AREANEWS.ID, SUMENEP – Bidan sabagai salah satu tenaga kesehatan yang memiliki peran penting dalam menjaga keselamatan ibu dan bayi. Apalagi di Kabupaten Sumenep, Jawa Timur yang secara geografis terdiri dari wilayah daratan dan kepulauan. Bidan sebagai garda terdepan dalam memberikan pertolongan kepada ibu yang hendak melahirkan, khususnya wilayah kepulauan.
Direktur RSUD dr. H. Moh. Anwar Sumenep, dr. Erliyati, mengatakan bidan menjadi garda terdepan pelayanan kesehatan ibu dan anak karena berinteraksi langsung dengan masyarakat sejak masa kehamilan hingga persalinan dan masa nifas. Keberadaan bidan berkontribusi besar dalam upaya menekan angka kematian ibu dan bayi, khususnya di daerah yang jauh dari fasilitas kesehatan.

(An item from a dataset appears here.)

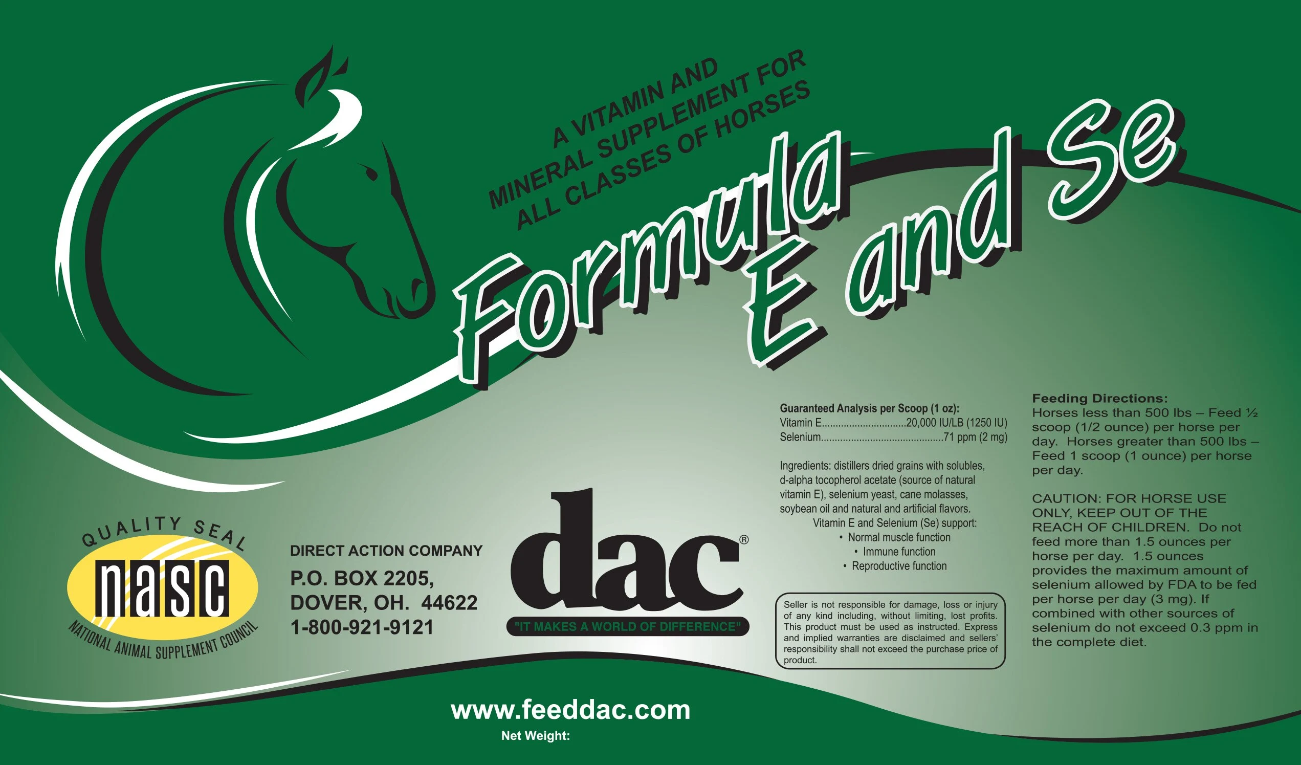dac® Formula E & Se provides a balanced vitamin and mineral profile to support normal muscle function, immune function, and reproductive function. This supplement contains natural vitamin E, a fat-soluble vitamin that has an important role as a potent antioxidant. It works together with the other key ingredient, selenium. This formula contains Sel-Plex®, an organic form of selenium, to ensure maximum absorption.

“Bidan salah satu elemen penting dalam menekan angka kematian ibu dan bayi. Mereka hadir langsung di tengah masyarakat dan berperan sejak awal proses kehamilan sampai masa nifas,” katanya pada tutur dr. Erliyati, Jumat 29 Mei 2026.

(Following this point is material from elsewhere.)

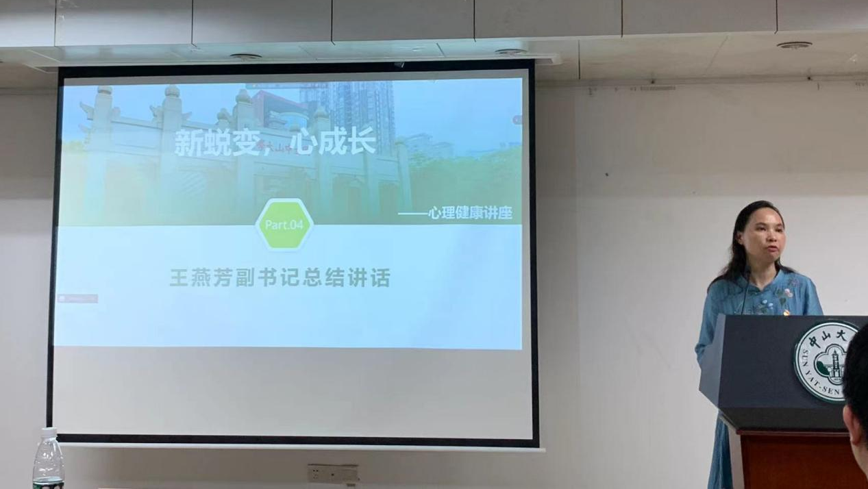 最后,公共卫生学院党委王燕芳副书记进行总结讲话,指出此次讲座是我们解密心语心理健康讲座系列的第一讲,旨在帮助同学们树立“生命至上、健康至上”的理念,希望同学们能进一步认真学习思考如何应对压力,合理释放不良情绪并多关注身边同学的心理健康状况,共同维护身心健康的状态。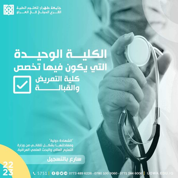*عزيزي الطالب ايام قليلة لانتهاء التسجيل استثمر الفرصة الاخيرة للتسجيل في كليتا التأهيل والعلاج الطبيعي والتمريض والقبالة.

Menurutnya, di sejumlah daerah terpencil, bidan sering kali menjadi tenaga kesehatan pertama sekaligus satu-satunya yang dapat dijangkau masyarakat saat membutuhkan layanan kesehatan ibu dan anak. Seperti di sejumlah pulau-pulau kecil di Kangean, seperti Pulau Tangjung Kiaok.

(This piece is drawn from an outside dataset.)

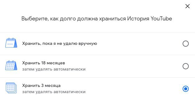 3. Выберите пункт "Хранить 18 месяцев" или "Хранить 3 месяца". После указанного срока история будет удаляться автоматически.
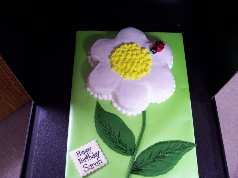 We used the daisy pan and covered with buttercream. Ladybug, flower stem, and leaves are all made out of fondant.

“Di wilayah dengan keterbatasan akses layanan kesehatan, bidan sering menjadi ujung tombak pelayanan. Karena itu penguatan kapasitas dan pemerataan tenaga bidan sangat penting,” ujarnya.
Tak hanya membantu proses persalinan, bidan juga memiliki tanggung jawab besar dalam memberikan edukasi kesehatan kepada masyarakat, mendampingi ibu hamil secara psikologis, serta meningkatkan pemahaman keluarga mengenai pentingnya kesehatan ibu dan anak.
Dari itu, pendekatan humanis yang dilakukan bidan menjadi salah satu faktor penting dalam menciptakan kehamilan dan persalinan yang aman. Sehingga angka kematian anak dan ibu bisa ditekan.
“Peran bidan bukan hanya tindakan medis, tetapi juga memberikan pemahaman kepada masyarakat agar lebih siap menghadapi kehamilan dan persalinan dengan aman,” tukasnya.